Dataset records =
#####

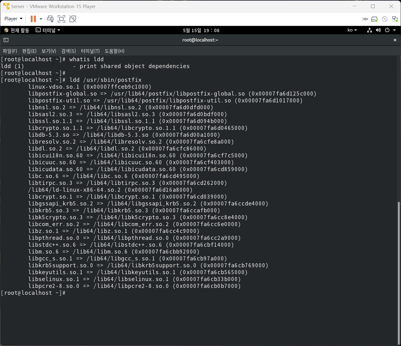 다. postfix가 참고하는 동적 라이브러리 정보를 확인하는 명령을 기재한다.
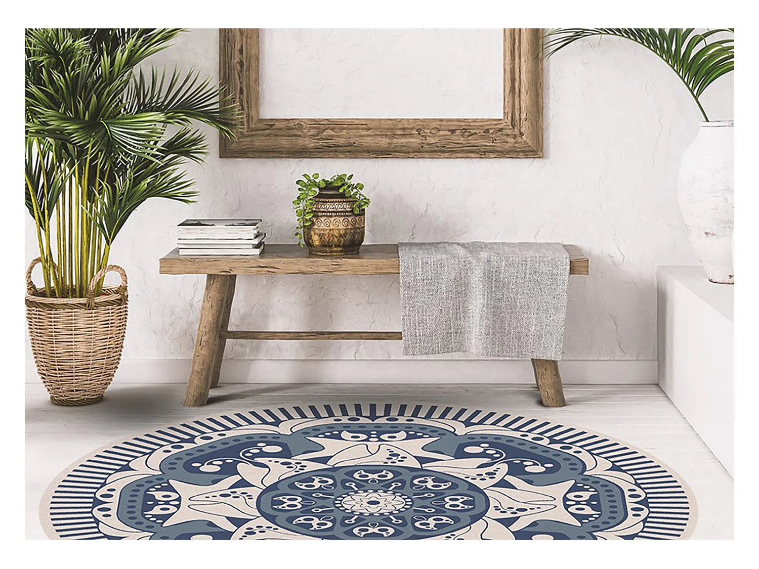 Tapis Vinyle 90cm Pour la Cuisine Rond Salon Imperméable PVC Linoléum - Mandalas floraux
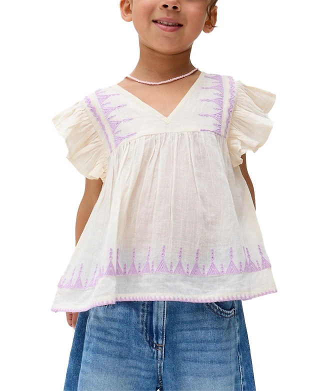 Raffya Kids Mariana Flutter Sleeve Embroidered Blouse
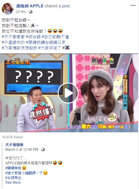 Apple的「破台語」,不僅讓乃哥猜得很吃力,也讓節目的字幕組後製得很辛苦。她昨(3)日晚上在臉書分享片段,寫著:「我對不起台語~我對不起後製人員,我也不知道我在供啥毀。」還笑說自己的台語根本是外星語,「乃哥應該很想殺我,大家辛苦了。」
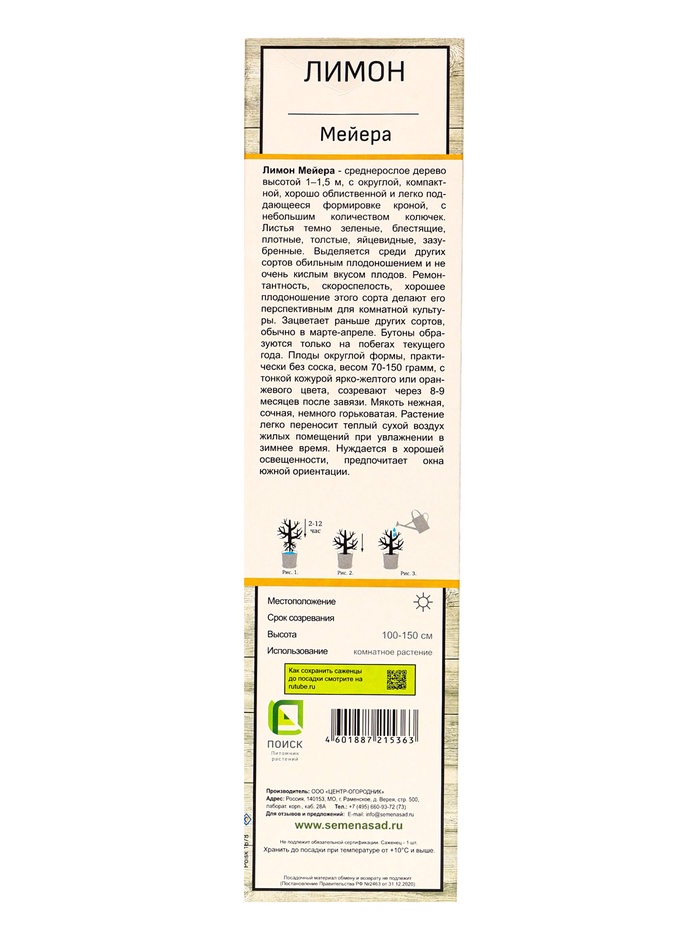 Цитрус Лимон Мейера, туба, 1 шт. Весна 2026
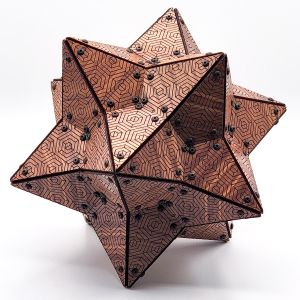 This one of a kind polyhedral is a Dual of 4 Frequency Icosahedral Geodesic Sphere that uses a new “lego-like” technique for assembly of a polyhedral using 3D printed internal pieces with laser cut faces. This has been in the works for months, and wasn’t exactly sure it would work. I designed each connector to also house an LED pixel bulb so each face will light up. The faces were laser cut using Milky White Cast Acrylic from Houston Acrylic. Polyhedral face pieces were 3D printed on a Bambu X1-Carbon. The internal WLED controller is a Dig2Go 3 powered by plugging into socket power adapter.
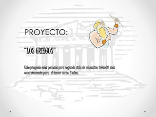 Este proyecto para alumnos de 5 años se centra en la civilización griega. A través de cuentos, películas y seres mitológicos, los estudiantes explorarán la cultura helena y trabajarán en todas las áreas del currículo. Actividades dentro y fuera del aula incluyen la decoración del salón, búsquedas de información, y una visita al museo arqueológico. El producto final será unas olimpiadas cooperativas con la ayuda de padres y maestros.
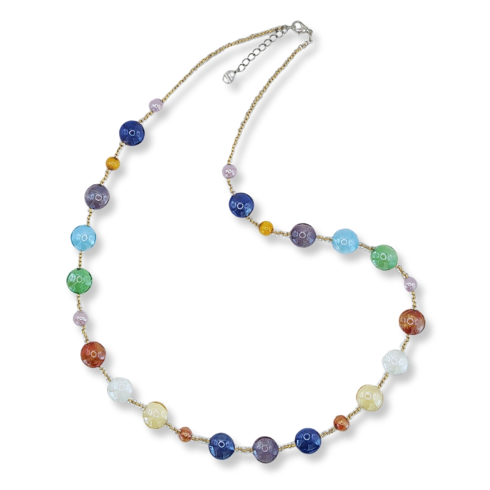 Verre façonné à la flamme par un artisan d’art, avec inclusions de pigments de couleur et de métaux précieux.
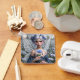 Un hermoso hada de cabello azul con alas plateadas con un vestido azul bonito y joyas de zafiro encierra una sola tostadora mientras está de pie en un campo de maestrías. El texto puede cambiarse o eliminarse fácilmente si desea que la imagen no tenga texto.
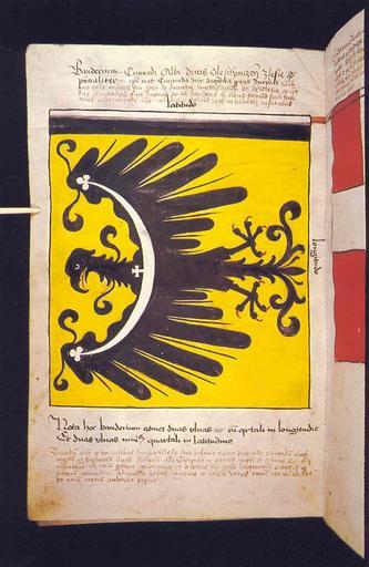 Keywords: Banderia Prutenorum 4v.jpg la Banderium Cunradi Albi ducis Oleschniczensis Zlesie quod presencialiter ipsemet Cunradus dux de gentibus propriis ducebat; sub quo erant milites sui proprii de ducatu Wratislauiensi et de Slesia Et ipse dux Cunradus fuit captus et tam banderio quam omnibus fortunis suis spoliatus liberalitate autem Wladislai Polonie regis in libertatem restitutus Konrada BiaÅ‚ego ksiÄ™cia oleÅ›nickiego ze ÅšlÄ…ska pod którÄ… stanÄ…Å‚ osobiÅ›cie sam książę Konrad wraz ze swoimi ludźmi Byli wiÄ™c razem z nim jego wÅ‚aÅ›ni rycerze z ksiÄ™stwa wrocÅ‚awskiego i ze ÅšlÄ…ska Sam książę Konrad zostaÅ‚ pojmany i pozbawiony tak chorÄ…gwi jak i caÅ‚ego swojego mienia Wypuszczony zostaÅ‚ na wolność dopiero za wstawiennictwem króla WÅ‚adysÅ‚awa Należy mieć Å›wiadomość że spoÅ›ród wszystkich Å›lÄ…skich czy polskich książąt żaden inny jak tylko ten książę Konrad oleÅ›nicki i Kazimierz książę sÅ‚upski inaczej szczeciÅ„ski nie przeszedÅ‚ na stronÄ™ Krzyżaków zresztÄ… z wiecznÄ… dla siebie haÅ„bÄ… i wstydem bo przecież starali siÄ™ rozszarpać i zniszczyć wÅ‚asnÄ… mowÄ™ i ojczyznÄ™ wspierajÄ…c wrogów Król WÅ‚adysÅ‚aw przebaczyÅ‚ jednak obu oraz ich wziÄ™tym do niewoli rycerzom <br/>Ta chorÄ…giew ma dÅ‚ugość dwóch Å‚okci i ćwierć ok 140 cm a szerokość dwóch Å‚okci bez ćwierci ok 110 cm en Banner of Konrad VII the White duke of OleÅ›nica “ fighting knights from Duchy of WrocÅ‚aw Banderia Prutenorum Fol 4v http //www laborunion lt/memorandum/ru/modules/banderia/primus htm Ekdahl S Die Banderia Prutenorum des Jan Dlugosz - eine Quelle zur Schlacht bei Tannenberg 1410 Göttingen 1976 Jan DÅ‚ugosz StanisÅ‚aw Durink 1448 File Banderia Prutenorum Folio 4v jpg Cunradus Albus 1448 Banderia Prutenorum png PD-old-100 Banderia Prutenorum Flags of the House of Piast Conrad VII of Olésnica |
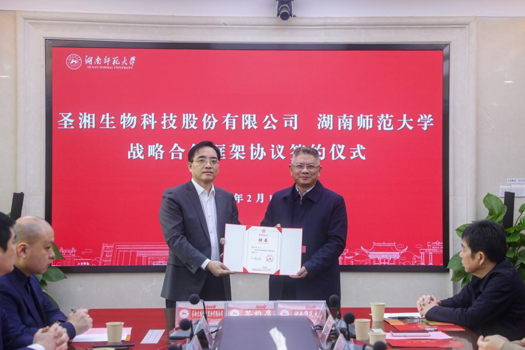 (记者 马铁泉 冯振辉)2月16日上午,我校与圣湘生物科技股份有限公司战略合作框架协议签约仪式在中和楼六楼会议室隆重举行。圣湘生物科技股份有限公司董事长戴立忠、副总经理邓中平,我校党委书记蒋洪新,副校长唐贤清、谢资清出席签约仪式。仪式由副校长杨震主持。
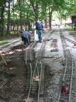 Matthew Bolyard and Tom Reder dig to uncover the culverts ends in a short trench we had there with culverts under the tracks. A view showing the ballast removed and the track panels that had been placed up to the whistle post where Matthew and Tom had been digging. |

#####

Apart from the pictures, every line above must be printed exactly.

Task solution =
 다. postfix가 참고하는 동적 라이브러리 정보를 확인하는 명령을 기재한다.
 Tapis Vinyle 90cm Pour la Cuisine Rond Salon Imperméable PVC Linoléum - Mandalas floraux
 Raffya Kids Mariana Flutter Sleeve Embroidered Blouse
 Apple的「破台語」,不僅讓乃哥猜得很吃力,也讓節目的字幕組後製得很辛苦。她昨(3)日晚上在臉書分享片段,寫著:「我對不起台語~我對不起後製人員,我也不知道我在供啥毀。」還笑說自己的台語根本是外星語,「乃哥應該很想殺我,大家辛苦了。」
 Цитрус Лимон Мейера, туба, 1 шт. Весна 2026
 This one of a kind polyhedral is a Dual of 4 Frequency Icosahedral Geodesic Sphere that uses a new “lego-like” technique for assembly of a polyhedral using 3D printed internal pieces with laser cut faces. This has been in the works for months, and wasn’t exactly sure it would work. I designed each connector to also house an LED pixel bulb so each face will light up. The faces were laser cut using Milky White Cast Acrylic from Houston Acrylic. Polyhedral face pieces were 3D printed on a Bambu X1-Carbon. The internal WLED controller is a Dig2Go 3 powered by plugging into socket power adapter.
 Este proyecto para alumnos de 5 años se centra en la civilización griega. A través de cuentos, películas y seres mitológicos, los estudiantes explorarán la cultura helena y trabajarán en todas las áreas del currículo. Actividades dentro y fuera del aula incluyen la decoración del salón, búsquedas de información, y una visita al museo arqueológico. El producto final será unas olimpiadas cooperativas con la ayuda de padres y maestros.
 Verre façonné à la flamme par un artisan d’art, avec inclusions de pigments de couleur et de métaux précieux.
 Un hermoso hada de cabello azul con alas plateadas con un vestido azul bonito y joyas de zafiro encierra una sola tostadora mientras está de pie en un campo de maestrías. El texto puede cambiarse o eliminarse fácilmente si desea que la imagen no tenga texto.
 Keywords: Banderia Prutenorum 4v.jpg la Banderium Cunradi Albi ducis Oleschniczensis Zlesie quod presencialiter ipsemet Cunradus dux de gentibus propriis ducebat; sub quo erant milites sui proprii de ducatu Wratislauiensi et de Slesia Et ipse dux Cunradus fuit captus et tam banderio quam omnibus fortunis suis spoliatus liberalitate autem Wladislai Polonie regis in libertatem restitutus Konrada BiaÅ‚ego ksiÄ™cia oleÅ›nickiego ze ÅšlÄ…ska pod którÄ… stanÄ…Å‚ osobiÅ›cie sam książę Konrad wraz ze swoimi ludźmi Byli wiÄ™c razem z nim jego wÅ‚aÅ›ni rycerze z ksiÄ™stwa wrocÅ‚awskiego i ze ÅšlÄ…ska Sam książę Konrad zostaÅ‚ pojmany i pozbawiony tak chorÄ…gwi jak i caÅ‚ego swojego mienia Wypuszczony zostaÅ‚ na wolność dopiero za wstawiennictwem króla WÅ‚adysÅ‚awa Należy mieć Å›wiadomość że spoÅ›ród wszystkich Å›lÄ…skich czy polskich książąt żaden inny jak tylko ten książę Konrad oleÅ›nicki i Kazimierz książę sÅ‚upski inaczej szczeciÅ„ski nie przeszedÅ‚ na stronÄ™ Krzyżaków zresztÄ… z wiecznÄ… dla siebie haÅ„bÄ… i wstydem bo przecież starali siÄ™ rozszarpać i zniszczyć wÅ‚asnÄ… mowÄ™ i ojczyznÄ™ wspierajÄ…c wrogów Król WÅ‚adysÅ‚aw przebaczyÅ‚ jednak obu oraz ich wziÄ™tym do niewoli rycerzom <br/>Ta chorÄ…giew ma dÅ‚ugość dwóch Å‚okci i ćwierć ok 140 cm a szerokość dwóch Å‚okci bez ćwierci ok 110 cm en Banner of Konrad VII the White duke of OleÅ›nica “ fighting knights from Duchy of WrocÅ‚aw Banderia Prutenorum Fol 4v http //www laborunion lt/memorandum/ru/modules/banderia/primus htm Ekdahl S Die Banderia Prutenorum des Jan Dlugosz - eine Quelle zur Schlacht bei Tannenberg 1410 Göttingen 1976 Jan DÅ‚ugosz StanisÅ‚aw Durink 1448 File Banderia Prutenorum Folio 4v jpg Cunradus Albus 1448 Banderia Prutenorum png PD-old-100 Banderia Prutenorum Flags of the House of Piast Conrad VII of Olésnica |
 (记者 马铁泉 冯振辉)2月16日上午,我校与圣湘生物科技股份有限公司战略合作框架协议签约仪式在中和楼六楼会议室隆重举行。圣湘生物科技股份有限公司董事长戴立忠、副总经理邓中平,我校党委书记蒋洪新,副校长唐贤清、谢资清出席签约仪式。仪式由副校长杨震主持。
 Matthew Bolyard and Tom Reder dig to uncover the culverts ends in a short trench we had there with culverts under the tracks. A view showing the ballast removed and the track panels that had been placed up to the whistle post where Matthew and Tom had been digging. |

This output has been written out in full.